### Data provided

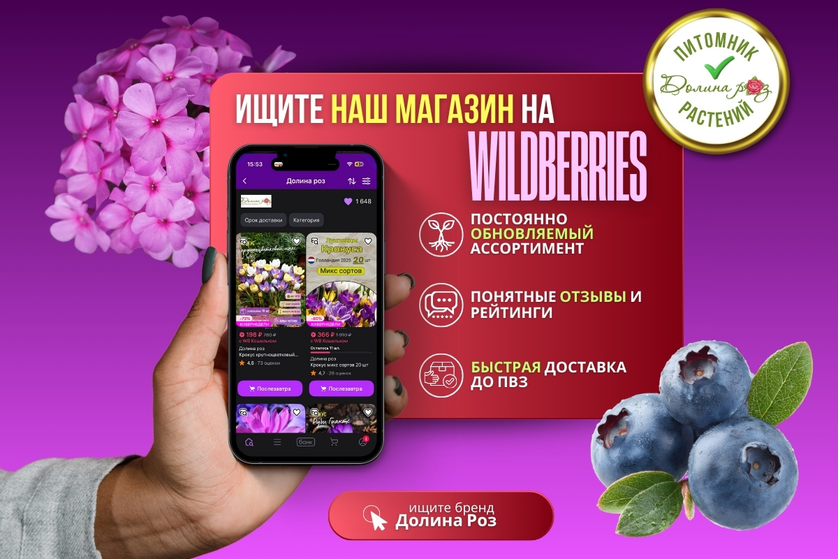 Ваш сад мечты теперь всего в клике от вас! Ищите питомник растений «Долина роз» на Wildberries 🌹 🌿Уже 2,5 года, как мы открыли свой магазин «Долина роз» на Wildberries, за это время: И я с уверенностью могу сказать, что обновить сад стало ещё проще, быстрее и надёжнее! ✅ Цветущие многолетники, которые будут радовать вас годами. ✅ Декоративные кустарники для живой изгороди и акцентов. ✅ Луковичные цветы для ярких весенних и осенних клумб. ✅ Всё для того, чтобы ваш сад стал именно таким, каким вы его представляли. Больше не нужно искать сайты, сравнивать условия доставки и переживать за сохранность заказа. Маркетплейс Wildberries берёт все логистические и платежные заботы на себя, а мы гарантируем качество каждого растения. Просто введите в поиске Wildberries: Долина роз и в выпавшем списке выберите: ”Долина роз БРЕНД” и добро пожаловать в наш зелёный уголок! Ваш сад начинается с правильного выбора. А правильный выбор начинается там, где вам удобно. #саженцы #питомникрастений #wildberr
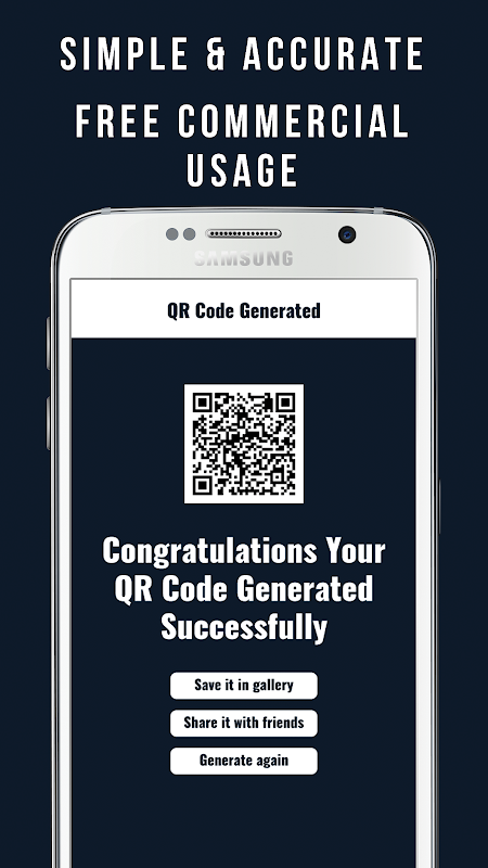 This application is very user friendly. It has very easy 3 step process. You can save your QR Code image in your gallery. You can share it with your friends or on social media.
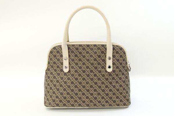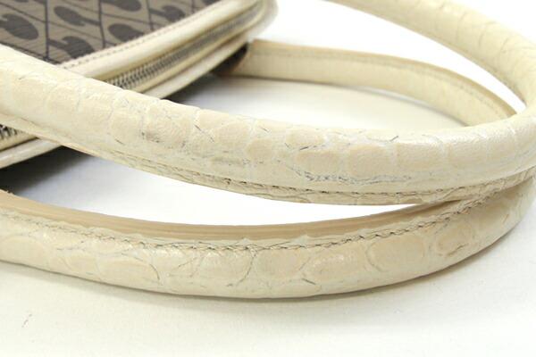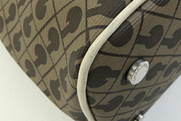 ゲラルディーニハンドバッグベージュアイボリーPVCレザー中古手提げ鞄レディース女性GHERARDINI
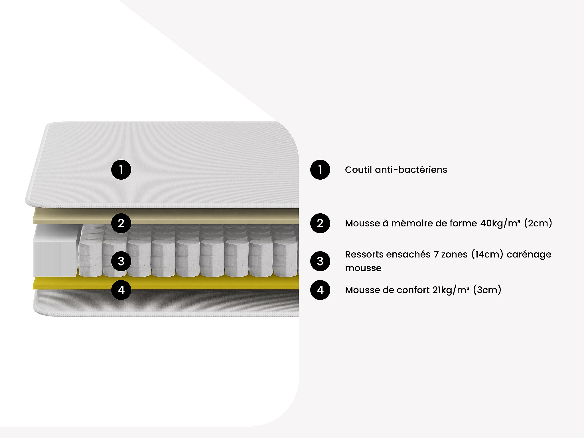 Ensemble 160 x 200 cm sommier tapissier + matelas ressorts ensachés 7 zones et mémoire de forme ép.22cm - LUREAN de YSMÉE
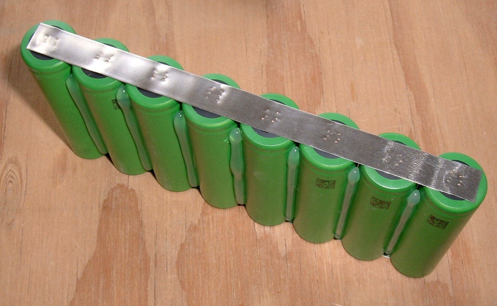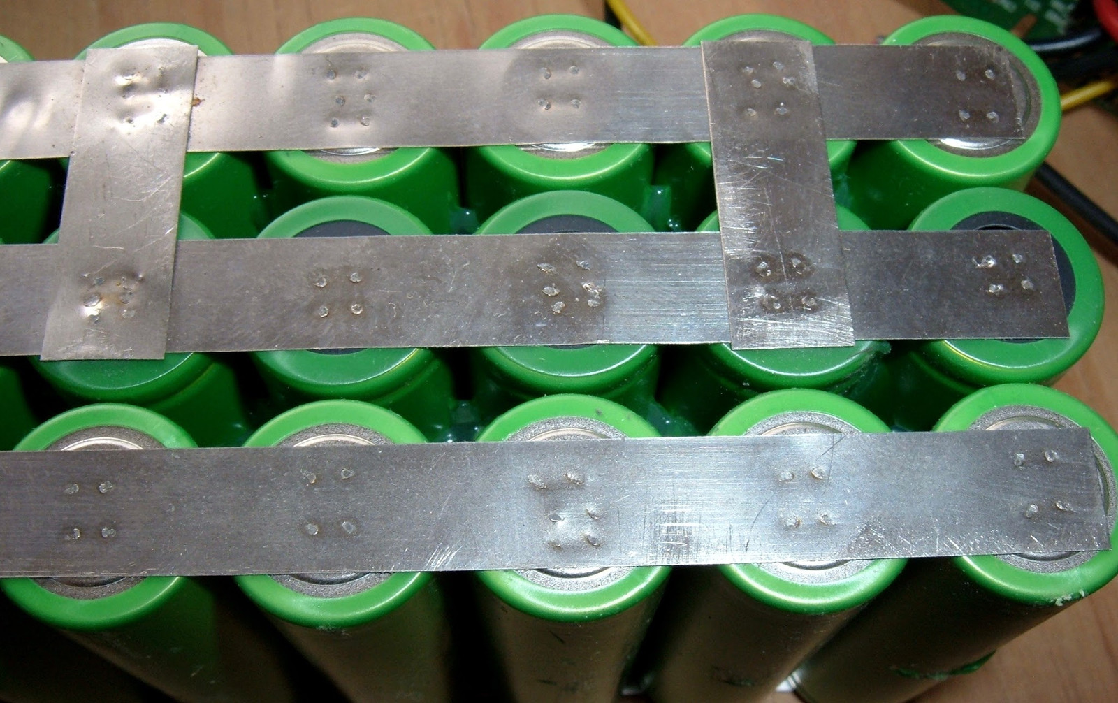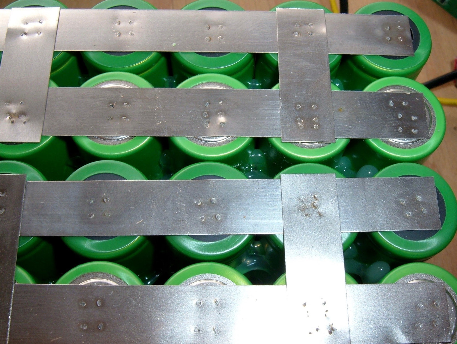 Once the groups of 8 are glued together, it’s time to group them electrically. Out comes the nickel strip and my spot welder.
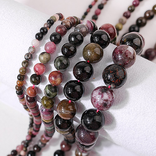 - 싼비즈 [51-010]원석라운드 10mm 투어마린 ,반줄(약17개)
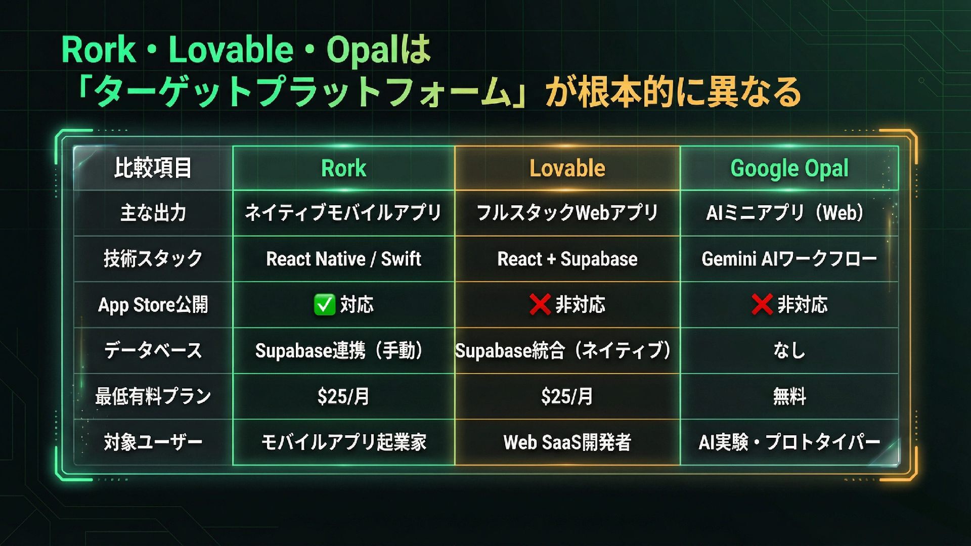 Rorkは、自然言語のプロンプトからReact NativeとExpoを用いてネイティブモバイルアプリを数分で自動生成する画期的なAIビルダーです。従来のアプリ開発における高コストや長期間の壁を打ち破り、非エンジニアでもApp Storeレベルのアプリを構築可能にします。Webアプリに特化したLovableや、AIワークフロー構築向けのGoogle Opalとは異なり、Rorkはモバイルプラットフォームに特化しており、次期バージョンのRork MaxではSwiftを用いたApple全デバイスへの対応も予定されています。
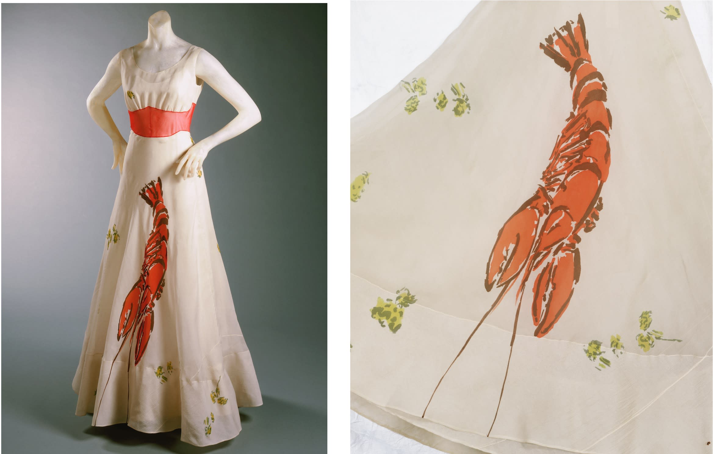 Słynna sukienka z krabem Salvadora Dalego powstała dzięki współpracy artysty z Elsą Schiparelli, źródło zdjęcia: https://www.artbasel.com/
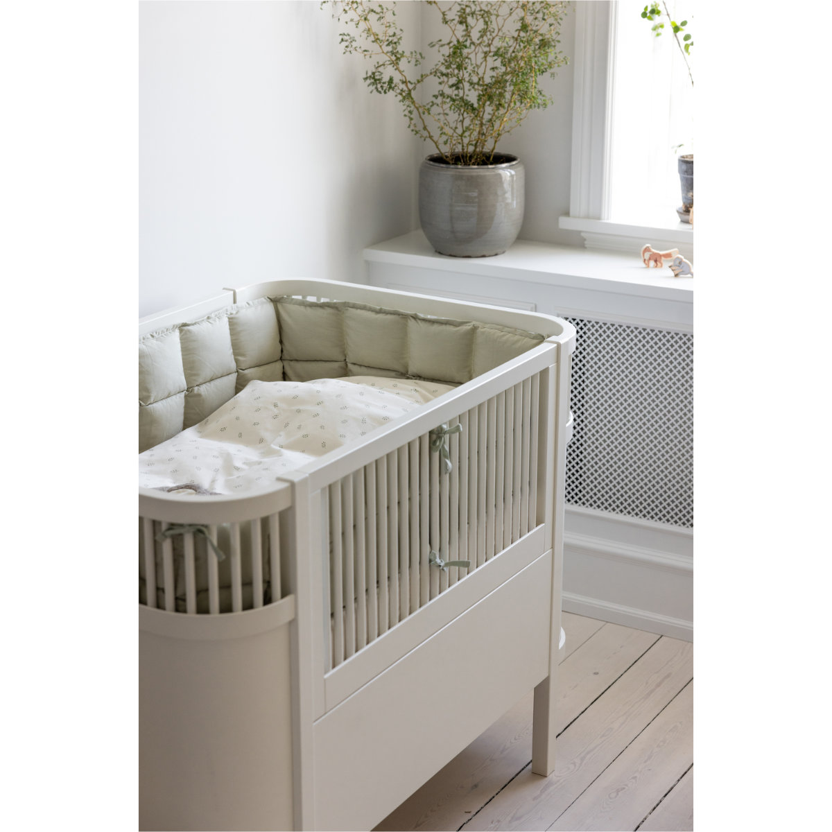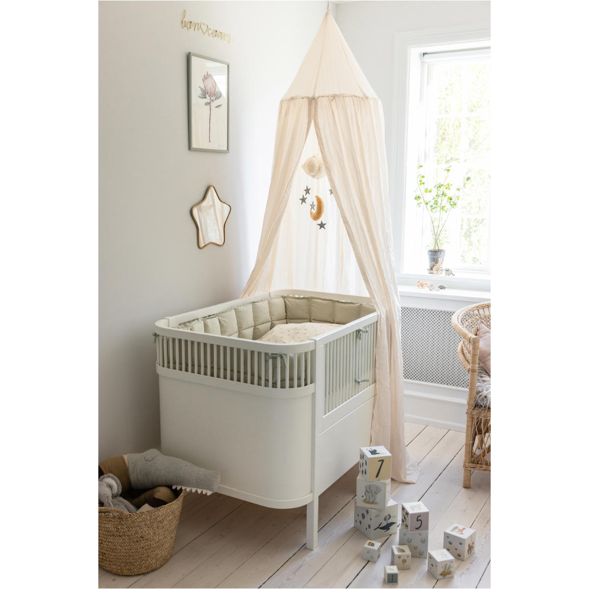 Diese atmungsaktive Bettumrandung von Sebra passt ideal in das Sebra Baby- & Juniorbett und in ein Standard-Kinderbett mit einer Größe von 60 x 120 cm. Mit der Sebra Bettumrandung schaffst du eine gemütliche Schlafoase für dein Kleines. Dieses Bettnestchen lässt sich auch an ein kleineres Bett anpassen, indem man es, z. B. am Fußende, überlappend hinlegt.
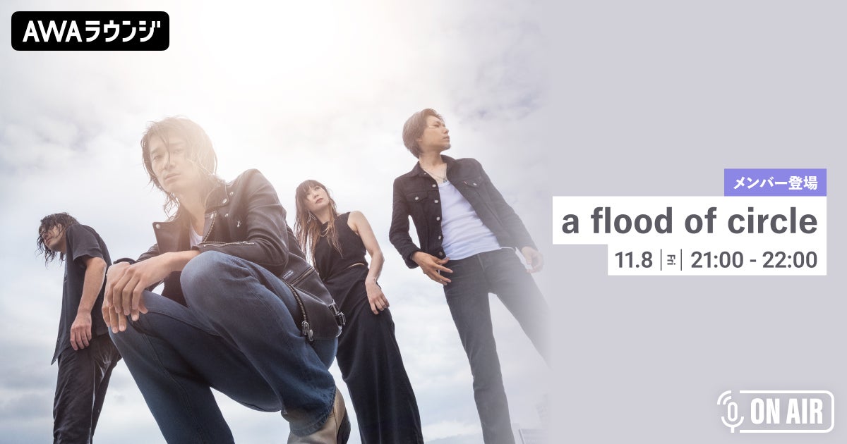 AWA株式会社(本社:東京都港区、代表取締役CEO:冨樫晃己)が運営する、サブスクリプション型(定額制)音楽ストリーミングサービス「AWA(アワ)」は、2024年11月8日(金) 21:00~22:00の1時間に渡り、無料で誰でも参加できるオンライン空間「ラウンジ」で、a flood of circleのメンバーが音声とチャットでリアルタイムに登場参加するAWAラウンジを開催いたします。
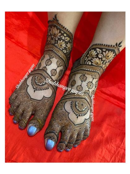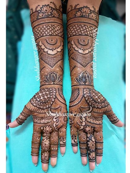 I create comprehensive bridal mehndi designs that cover hands, forearms, feet, and legs. My designs incorporate traditional motifs like peacocks, paisleys, and architectural elements, with the option to include personal touches like initials or specific themes.
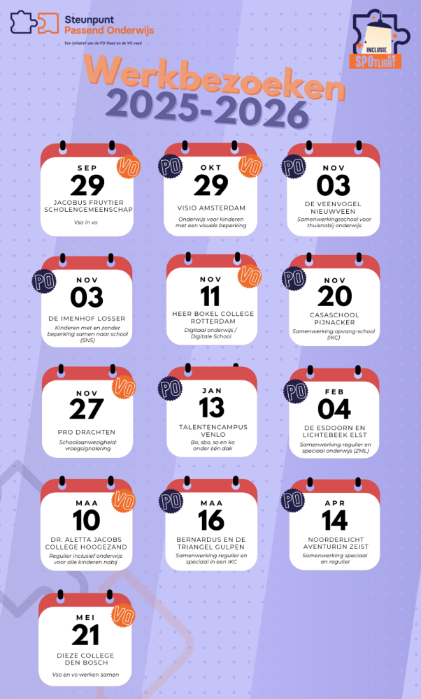 Heb je vragen over passend onderwijs of zoek je inspiratie over inclusief onderwijs? Op de website van het steunpunt passend onderwijs (https://www.steunpuntpassendonderwijs-povo.nl/) vind je veel belangrijke informatie hierover.
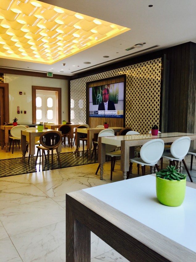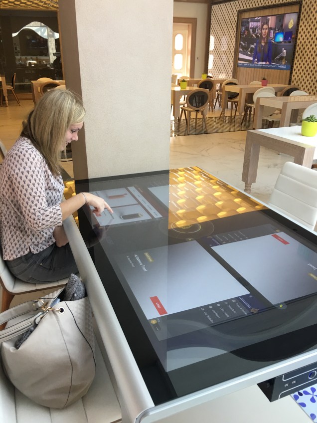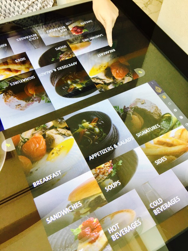 Katara can get very busy but on Friday morning it was really quiet and we didn’t have a problem finding a parking space or getting a table. We chose a table with an interactive screen where we could browse the menu, watch tv and play air hockey! If you’re on a digital detox there are ‘normal’ tables too. The restaurant is lovely and light, very comfortable and relaxing.
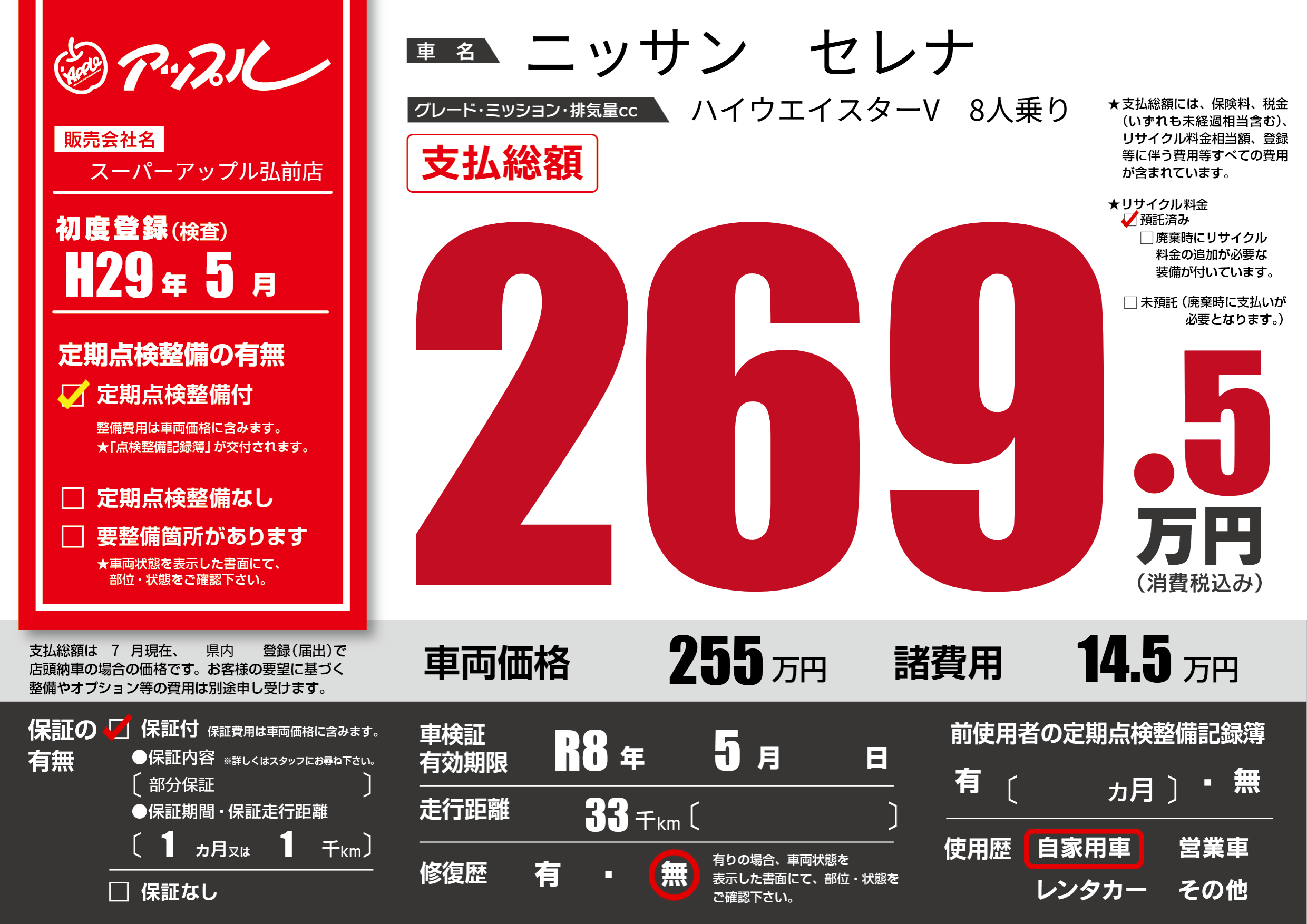 なし | 車検制限 | R8年5月---月 |

### Work to complete
Output all the material verbatim, skipping every image.

### Solution for this task
 Ваш сад мечты теперь всего в клике от вас! Ищите питомник растений «Долина роз» на Wildberries 🌹 🌿Уже 2,5 года, как мы открыли свой магазин «Долина роз» на Wildberries, за это время: И я с уверенностью могу сказать, что обновить сад стало ещё проще, быстрее и надёжнее! ✅ Цветущие многолетники, которые будут радовать вас годами. ✅ Декоративные кустарники для живой изгороди и акцентов. ✅ Луковичные цветы для ярких весенних и осенних клумб. ✅ Всё для того, чтобы ваш сад стал именно таким, каким вы его представляли. Больше не нужно искать сайты, сравнивать условия доставки и переживать за сохранность заказа. Маркетплейс Wildberries берёт все логистические и платежные заботы на себя, а мы гарантируем качество каждого растения. Просто введите в поиске Wildberries: Долина роз и в выпавшем списке выберите: ”Долина роз БРЕНД” и добро пожаловать в наш зелёный уголок! Ваш сад начинается с правильного выбора. А правильный выбор начинается там, где вам удобно. #саженцы #питомникрастений #wildberr
 This application is very user friendly. It has very easy 3 step process. You can save your QR Code image in your gallery. You can share it with your friends or on social media.
 ゲラルディーニハンドバッグベージュアイボリーPVCレザー中古手提げ鞄レディース女性GHERARDINI
 Ensemble 160 x 200 cm sommier tapissier + matelas ressorts ensachés 7 zones et mémoire de forme ép.22cm - LUREAN de YSMÉE
 Once the groups of 8 are glued together, it’s time to group them electrically. Out comes the nickel strip and my spot welder.
 - 싼비즈 [51-010]원석라운드 10mm 투어마린 ,반줄(약17개)
 Rorkは、自然言語のプロンプトからReact NativeとExpoを用いてネイティブモバイルアプリを数分で自動生成する画期的なAIビルダーです。従来のアプリ開発における高コストや長期間の壁を打ち破り、非エンジニアでもApp Storeレベルのアプリを構築可能にします。Webアプリに特化したLovableや、AIワークフロー構築向けのGoogle Opalとは異なり、Rorkはモバイルプラットフォームに特化しており、次期バージョンのRork MaxではSwiftを用いたApple全デバイスへの対応も予定されています。
 Słynna sukienka z krabem Salvadora Dalego powstała dzięki współpracy artysty z Elsą Schiparelli, źródło zdjęcia: https://www.artbasel.com/
 Diese atmungsaktive Bettumrandung von Sebra passt ideal in das Sebra Baby- & Juniorbett und in ein Standard-Kinderbett mit einer Größe von 60 x 120 cm. Mit der Sebra Bettumrandung schaffst du eine gemütliche Schlafoase für dein Kleines. Dieses Bettnestchen lässt sich auch an ein kleineres Bett anpassen, indem man es, z. B. am Fußende, überlappend hinlegt.
 AWA株式会社(本社:東京都港区、代表取締役CEO:冨樫晃己)が運営する、サブスクリプション型(定額制)音楽ストリーミングサービス「AWA(アワ)」は、2024年11月8日(金) 21:00~22:00の1時間に渡り、無料で誰でも参加できるオンライン空間「ラウンジ」で、a flood of circleのメンバーが音声とチャットでリアルタイムに登場参加するAWAラウンジを開催いたします。
 I create comprehensive bridal mehndi designs that cover hands, forearms, feet, and legs. My designs incorporate traditional motifs like peacocks, paisleys, and architectural elements, with the option to include personal touches like initials or specific themes.
 Heb je vragen over passend onderwijs of zoek je inspiratie over inclusief onderwijs? Op de website van het steunpunt passend onderwijs (https://www.steunpuntpassendonderwijs-povo.nl/) vind je veel belangrijke informatie hierover.
 Katara can get very busy but on Friday morning it was really quiet and we didn’t have a problem finding a parking space or getting a table. We chose a table with an interactive screen where we could browse the menu, watch tv and play air hockey! If you’re on a digital detox there are ‘normal’ tables too. The restaurant is lovely and light, very comfortable and relaxing.
 なし | 車検制限 | R8年5月---月 |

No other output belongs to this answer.